Cada uno de nosotros puede imaginarse a un hombre y puede también pensar
en el hombre.
Imaginarse a un hombre significa referirse necesariamente a su porte,
color, manera de ser, etc.; cuando imaginamos a un hombre necesariamente lo
individualizamos, nos referimos a un hombre determinado, con características
individuales, propias. Para ello nos servimos de las imágenes.
Para pensar en un hombre “No” nos preocupamos si es alto, bajo, gordo,
blanco, negro. Al pensar en el hombre tomamos solamente en cuenta las
características comunes y profundas, caracteres que son aplicables a todos los
hombres, en el pensar del hombre se opera con ideas y conceptos.
La diferencia entre imaginar y pensar deriva del hecho de que en el
primer caso operamos con imágenes y en el segundo lo hacemos con conceptos (el
concepto es un contenido de la conciencia, fruto de abstracción y
generalización.
La formación de conceptos en el niño tiene lugar ya en los primeros
años. De una vaga comprensión de la situación global, el niño pasa a la
aprehensión gradual de las semejanzas y diferencias existentes en las cosas o
situaciones concretas.
Entre los dos y los cuatro años se elevan del nivel concreto al nivel
abstracto. Cuando el niño es capaz de expresar verbalmente lo referente a los
objetos o personas que lo rodean, utiliza ya conceptos abstractos.
Naturalmente que el niño en este periodo de su vida utiliza conceptos
simples. La capacidad de operar con conceptos más complejos, como ser conceptos
científicos, matemáticos o filósofos, aparece más tarde con la mayor madurez y
la mayor experiencia. Esto tiene lugar en la adolescencia, aunque numerosos psicólogos
sostienen que dicha capacidad ya aparece a los ocho años en el niño normal.
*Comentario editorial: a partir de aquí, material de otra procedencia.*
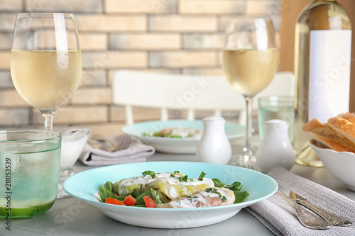 Plate with stuffed cabbage leaves and sour cream on table
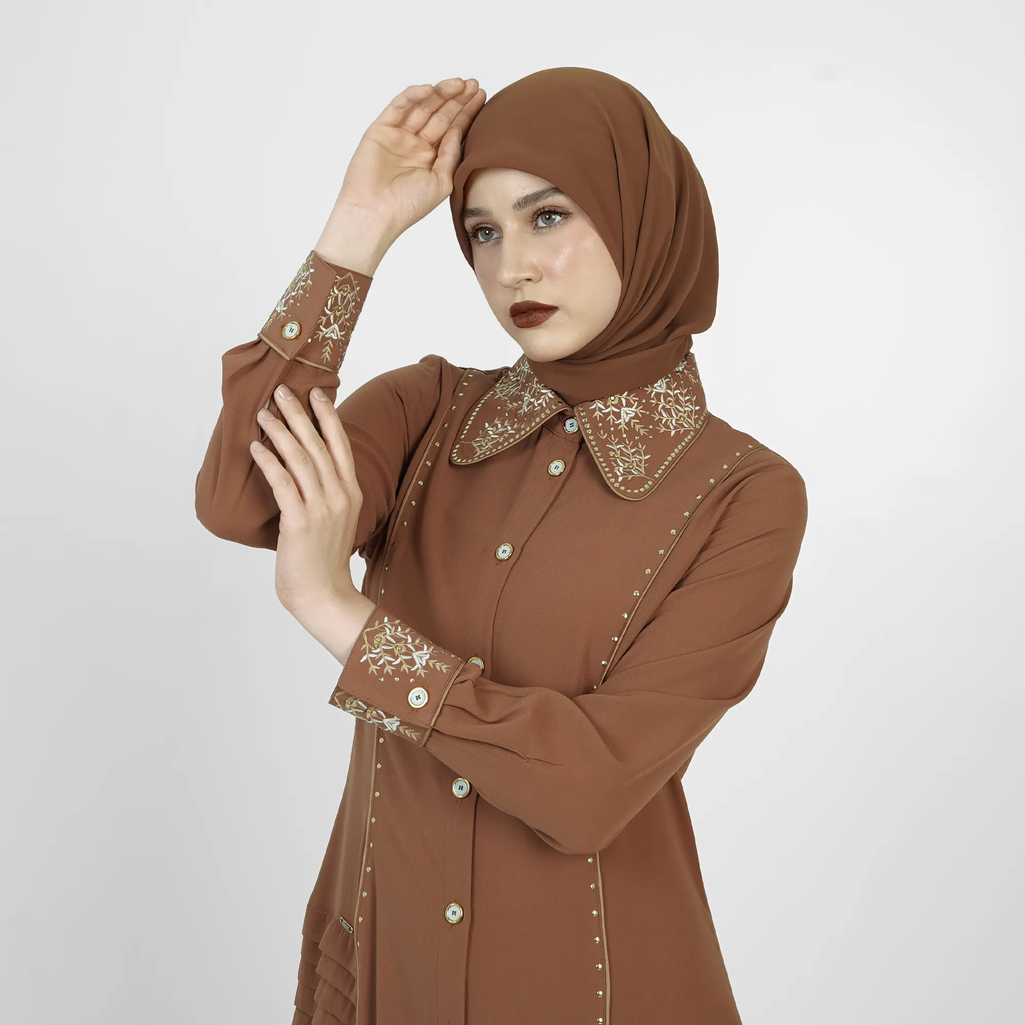 The Velora Dusk Tunic offers a neat silhouette with delicate details that enhance its elegant character. Designed for the modern Muslimah, this tunic combines vertical lines that elongate the look with distinctive HIKMAT accents, creating a balance between structure and softness. An ideal choice for formal to semi-formal appearances with a refined impression.
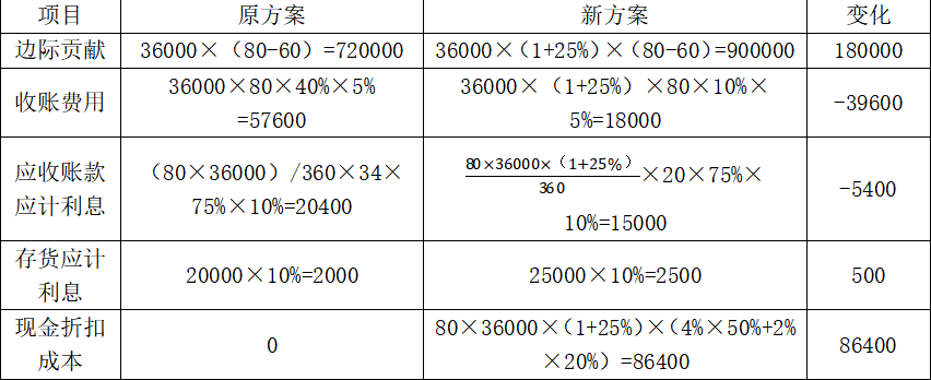 问题 科达公司只生产、销售一种产品,该产品的单价为80元,变动成本率为75%。公司目前采用30天按发票金额付款的信用政策,60%的顾客(按销售量计算,下同)能在信用期内付款,另外40%的顾客平均在信用期满后10天付款,逾期应收账款的收回需要支出占逾期账款5%的收账费用。公司每年的销售量为36000件,年平均存货周转次数为144次(按销售收入计算)。为扩大销售量、缩短平均收现期,公司拟推出“4/10,2/20,n/30”的现金折扣策略。采用该策略后,预计销售量会增加25%,50%的顾客会在第10天付款,20%的顾客会在第20天付款,20%的顾客会在第30天付款,另外10%的顾客平均在信用期满后20天付款,逾期应收账款的收回需要支出占逾期账款5%的收账费用。为了保证及时供货,其他条件不变。假设等风险投资的最低报酬率为10%,一年按360天计算。 要求: (1)计算改变信用政策后的边际贡献、收账费用、应收账款应计利息、存货应计利息、现金折扣成本的变化额。 (2)计算改变信用政策增加的净损益,并回答科达公司是否应推出该现金折扣策略。
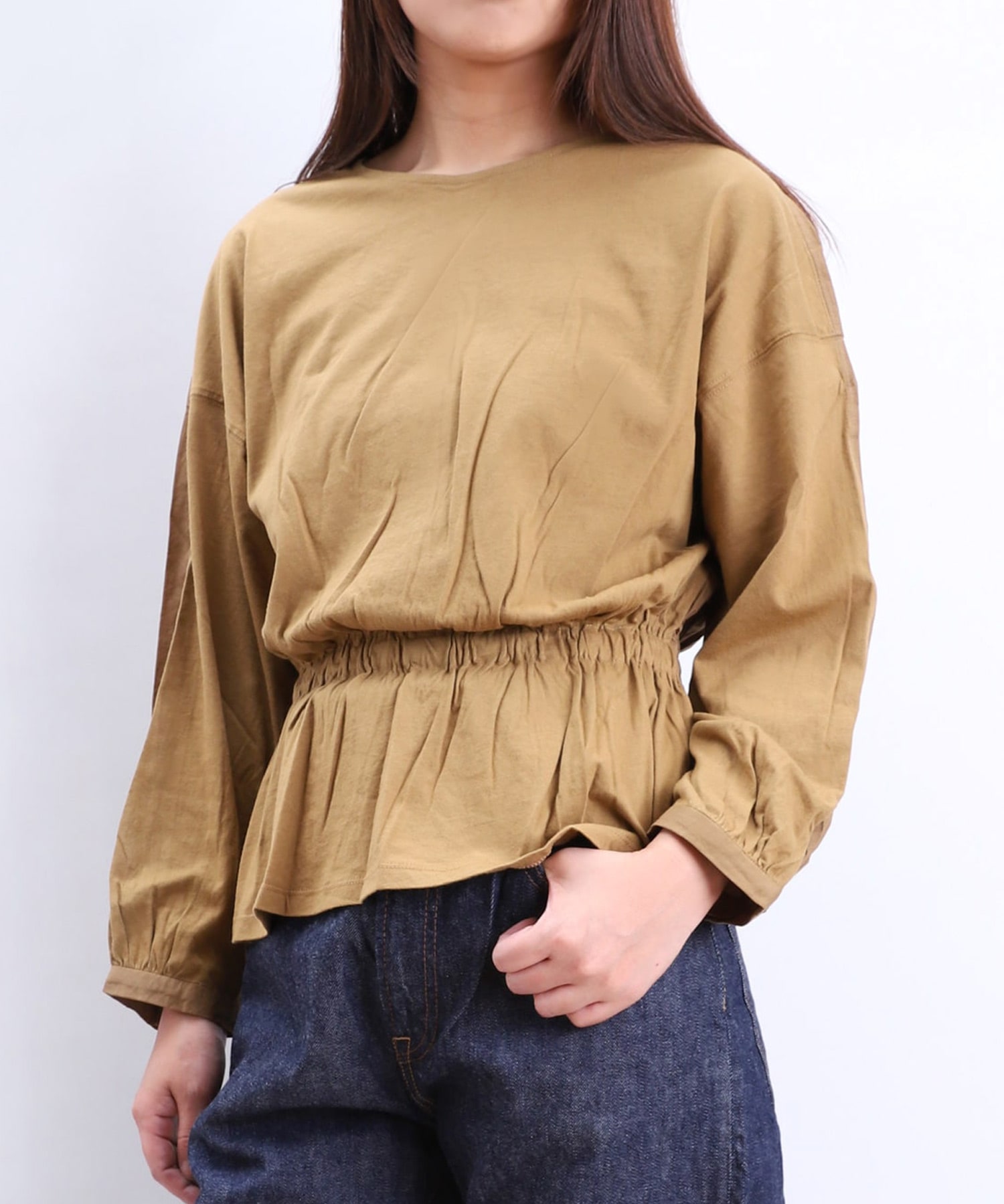 ふんわりとしたシルエットに、ウエストできゅっとメリハリをつけたデザインブラウス。
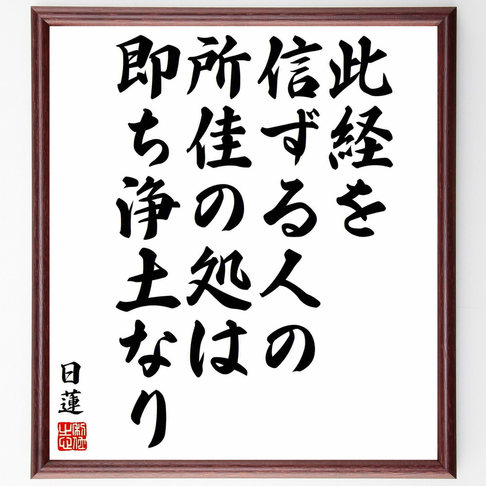 日蓮の名言「此経を信ずる人の所佳の処は、即ち浄土なり」手書き書道色紙額/受注後の毛筆直筆
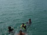 そして、イルカの泳ぐ方向に先回りをしてイルカと泳げるタイミングで船から飛び込みます。
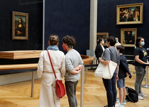 | Des visiteurs devant La Joconde, à Paris, au Louvre, le 6 juillet, premier jour de réouverture du musée après trois mois et demi de fermeture. |
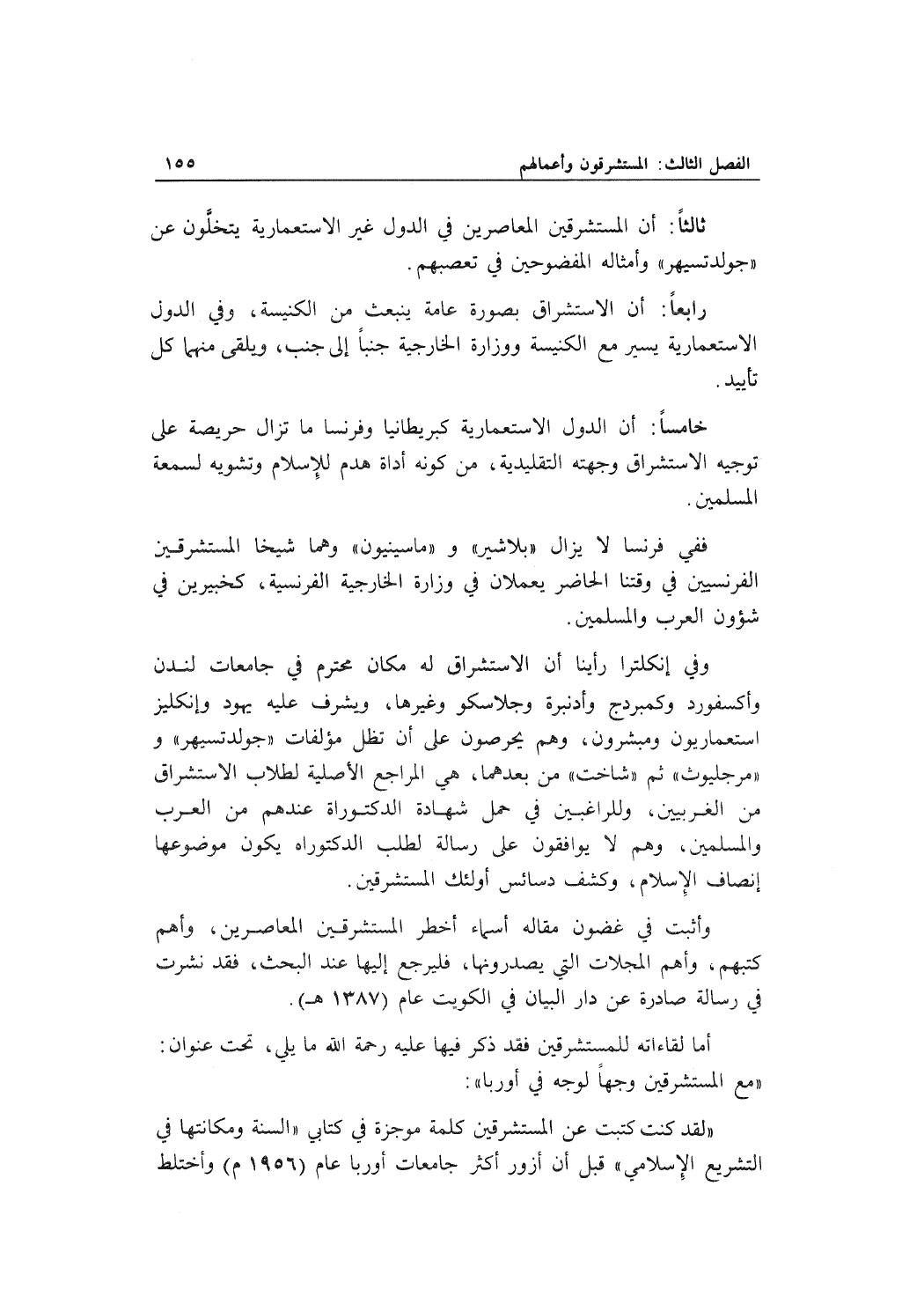 ثالثاً: أن المستشرين المعاصرين في الدول غير الاستعمارية يتخلون عن "جولدتسيهر" وأمثاله المفضوحين في تعصبهم.

Ciertos conceptos abstractos son difíciles de ser captados por el niño.
Así el concepto del tiempo lo capta difícilmente. La aprehensión de este
concepto esta penetrado de afectividad. El tiempo que transcurre agradablemente
es corto para el niño, mientras es largo si lo pasa con desagrado.
La relación entre causa y efecto no la capta el niño ni sabe aplicar
principios generales a situaciones específicas.
Solo alrededor de los siete u ocho años, el niño empieza a captar las
relaciones entre causa y efecto. Con el desarrollo mental el niño comienza
también a evaluar sus propias acciones y a juzgar el punto de vista de otras.
Comienza a formular sus propias afirmaciones sobre los hechos reales y presenta
argumentaciones cada vez más lógicas. A los once o doce años, el niño comienza
el raciocinio deductivo y muestra la capacidad de formular y criticar las
hipótesis.
En general la experiencia ha demostrado que el niño que se muestra
inteligente a esta edad, si conserva su salud, se mantendrá con igual capacidad
en la adolescencia y en el periodo de la juventud y de la madurez.
La llegada de la adolescencia se caracteriza por dos aspectos desde el
punto de vista del desarrollo intelectual.
La inteligencia del adolescente se concentra sobre determinados
problemas.
Eso permite descubrir en el adolescente los intereses particulares que
juegan un papel muy importante en la orientación vocacional y profesional del
joven.
Además es el periodo dialéctico en la vida del muchacho donde
exige las razones del de todo, es la edad razonadora por excelencia. En este
periodo el adolescente capta también con claridad la noción de la ley.
La creatividad hace referencia a esa capacidad innovadora del hombre que
no surge de una deducción matemática o lógica.
En los niños de seis a ocho años se les puede educar y enseñar a tener
cierta originalidad y a no conformarse con lo típico.
Los ejercicios para estimular la creatividad se basan en propuestas de
carácter abierto, permitiendo multiplicidad de respuestas, y los padres debemos
aceptar preguntas divergentes y curiosas y admitir nuevas ideas.
Resolviendo de muchas maneras diferentes los problemas facilita el
pensamiento productivo frente al reproductivo o repetitivo.
Que el pensamiento es creativo quiere decir que construimos nuestra
realidad de acuerdo a nuestros pensamientos y creencias. Estos pensamientos
básicos se forman en la primera infancia, en el nacimiento e incluso en la vida
intrauterina.
Por eso la búsqueda, identificación y reconocimiento amoroso de los
pensamientos y creencias es básico para la transformación de nuestra realidad.